Small sounds bouncing off the alley walls inform you that the stalker stalks you still. You slow your pace and motion as if to transition the cane from one hand to the other but your right hand lingers on its handle, as if you were drawing from a scabbard.
One more corner. One more chance to run into a mugger, a witness, anything that could make an ambush more difficult.
...the Die of Fate:
On a 1-2, the circumstances are unfortuitous;
On a 3-4, the alley holds nothing unusual;
On a 5-6, there will be trouble.
Result: 3!
...2d6+Dexterity
Result: 7; Partial Success!
...1d6 Damage
Result: 3; Buzzer loses 3 hit points!
Nothing of the sort. You leap back behind the corner, trying to draw and lunge simultaneously. The motion is unpracticed, clumsy, but the buzzer – whom you find to be four or five meters behind you – is unarmed, unable to exploit this opportunity. To him, your two-and-a-half foot blade might as well be a spear; he can do little but throw his four hands up as you cross the distance and punch the blade into his torso, puncturing the exoskeleton.
Immediately after your weapon connects you swing the cane in your left hand, the sudden movement sending ripples of pain throughout your wounded body. The length of wood lands on the side of the buzzer's head with a crack, bruising a bulging eye. Your stalker's head snaps back, mouthparts clicking madly as he collapses on the ground. You point the bared sword at one of his segmented eyes and take a careful step back, mindful of the paralytic venom contained in the sharp buzzer proboscis. The prone buzzer comes to a moment later, head and limbs twitching like those of a broken wind-up toy, the hole in his chest leaking brown-green ichor. You demand to know who sent him after you and why, threatening to blind the buzzer if he does not comply. Then you remember to breathe.
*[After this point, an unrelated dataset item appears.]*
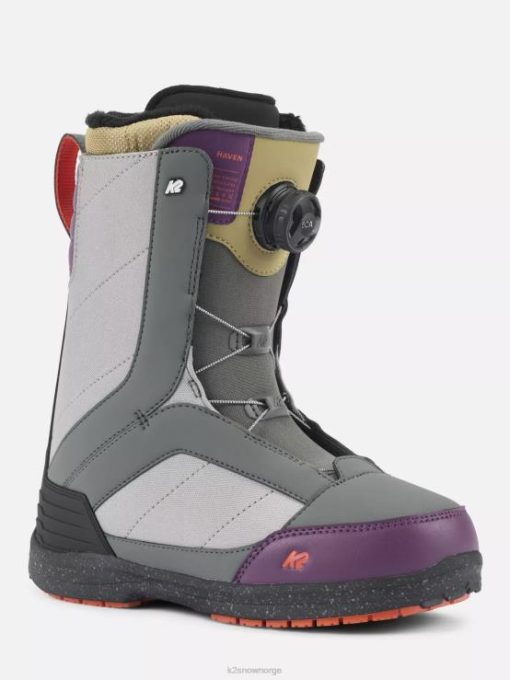 en langvarig favoritt blant feriestedansatte og fremskrittskjørere på snowboard, pakket vi alt det essensielle inn i blandingen på k2 haven, og startet med et h4 coiler boa fit-system. dette lukker skallet sikkert ved hjelp av en boalise i rustfritt stål for perfekt passform og hjelper deg enkelt å få deg inn og ut av støvlene på begynnelsen og slutten av dagen.

“Fucking coward, murderer, thief, you are already blind...” the buzzer speaks in a series of mouthpart clicks and proboscis vibrations, a buzzing sound that imitates common speech, “close, too close to the terrible greatness and you can't even see it, though your actions know it. Fool, hope your mother is devoured by her young! Bloody hands, hold us all...”
Though tired, the stalker's buzzing voice takes on a mocking tone before turning to a barely audible whisper. Suddenly, all four of his arms reach for your sword, grabbing the unsharpened blade. You try to pull away only to find that the wounded buzzer's grip rivals that of a vice. To your surprise, he drives the weapon into his own head. The smallsword sinks into what should be hard exoskeleton with practically no resistance. There is one final twitch of the limbs, the clicking, then the corpse lies still.
And the dead tell no tales. At least not this one.
The momentary burst of energy leaves your body to make place for a shiver. Questions crowd your mind unanswered: who was this poor bastard and why was he following you? Was he a spy or just some mad vagrant, a victim of your paranoia?
Like all pilgrims it followed in the footsteps of another, seeking, mourning, wanting me.
It comes to you like a voice one sometimes hears before falling asleep; a whisper in your ear, directionless and personal at the same time. When you first heard it in Seamstress' shack it terrified you yet now fear is second to your curiosity. Whose whispers reach your mind?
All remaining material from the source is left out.